Na atual situção do Belenenses, em que a SAD reduziu o passivo de dez para seis milhões de euros (embora neste encolhimento haja cerca de dois milhões dos investidores), a verba que pode entrar de uma transferência de Tiago Silva permitirá uma redução de 20 por cento do passivo, tendo, por consequência, impacto significativo na vida financeira dos azuis.

Na fonte contactada por A BOLA, «não há nem nunca houve qualquer limitação imposta pelo Benfica à utilização do Miguel Rosa ou de outro jogador qualquer por parte do Belenenses»."

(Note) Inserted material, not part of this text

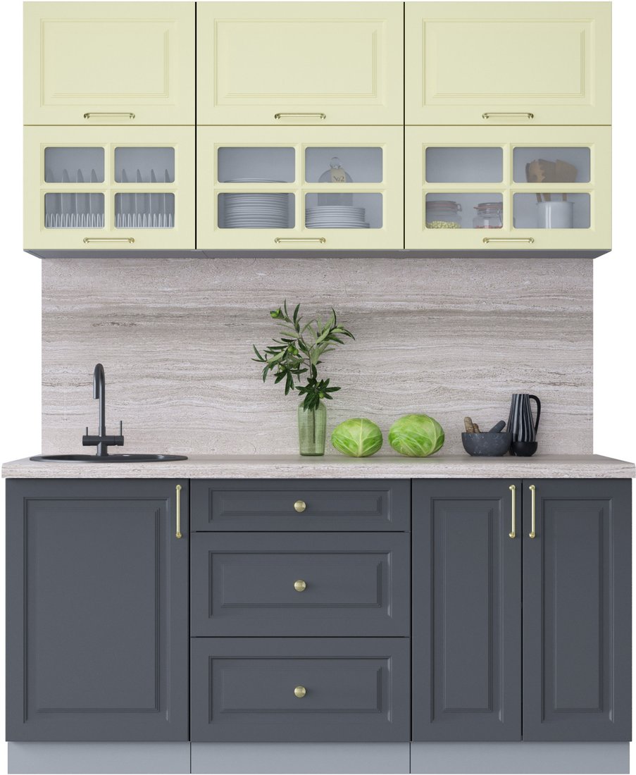 Готовая кухня Интерлиния Мила Шато 1.7Б (слоновая кость/пепел/травертин серый)
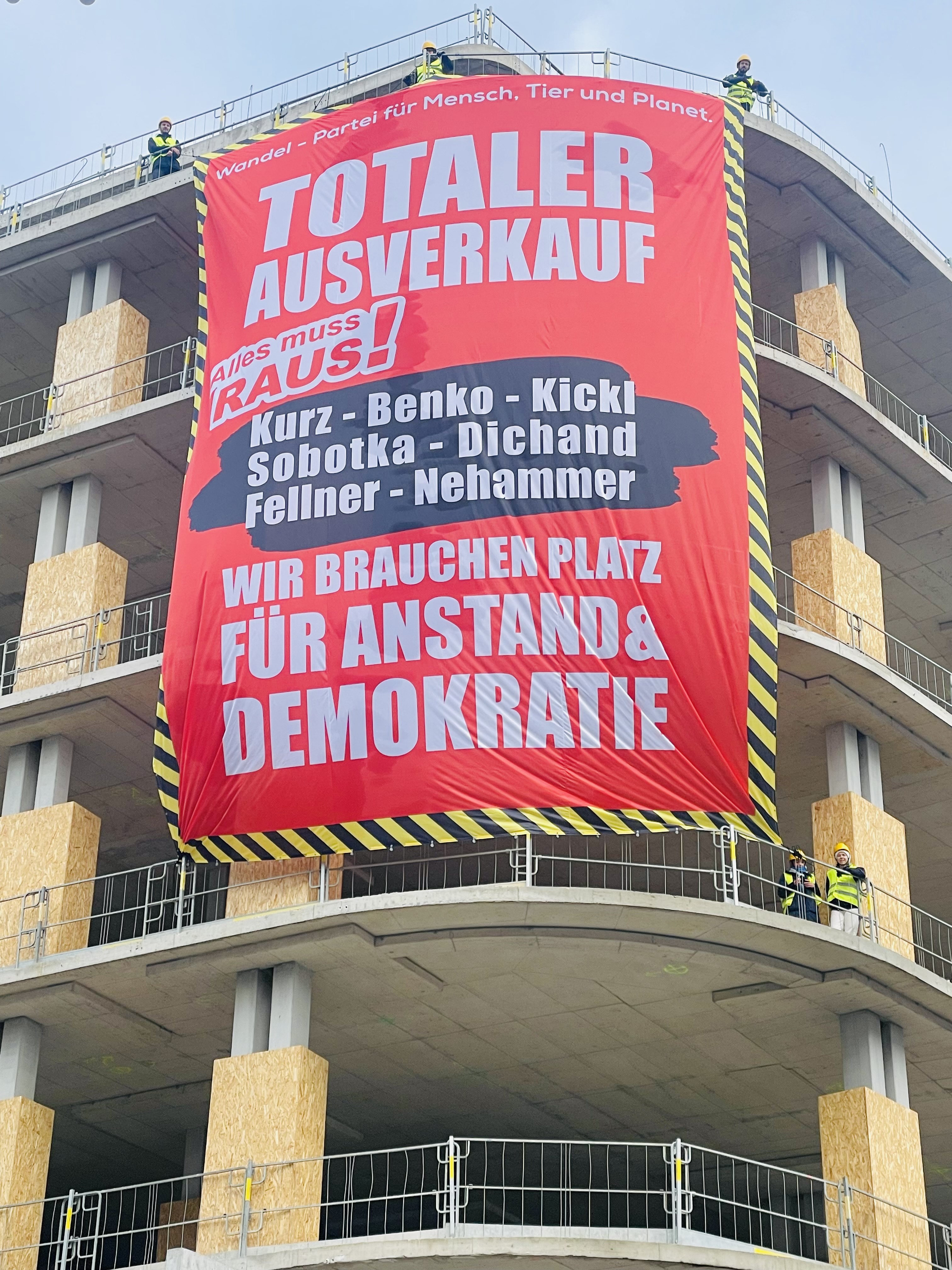 , so Wandel-Vorsitzender Fayad Mulla. Deshalb hat die Partei am Samstagmorgen dagegen protestiert und das verlassene, halb gebaute Gebäude mit einem eindeutigen Transparent beschmückt: "Alles muss raus: Kurz – Benko – Kickl – Sobotka – Dichand – Fellner – Nehammer. Wir brauchen Platz für Anstand und Demokratie."

por RICARDO QUARESMA, jornal A BOLA, terça feira, 4 de Março de 2014


Até o Tarantino achou piada.




Portanto, numa jornada em que o Belenenses se encontra no penúltimo lugar, o artista da A BOLA quer nos fazer crer que o clube do Restelo resolveu prescindir de um dos seus melhores jogadores, num dos jogos mais difíceis da época, de modo a apostar num outro jogador que poderá vir a render algum dinheiro numa hipotética venda futura, mesmo que esse mesmo jogador só tenha entrado em jogo aos 64 minutos e, portanto, apenas tenha jogado uns míseros 26 minutos! Brilhante.

Epah, dêem o Oscar de melhor argumento original a este "jornalista" da A BOLA, pah! Já ganhou!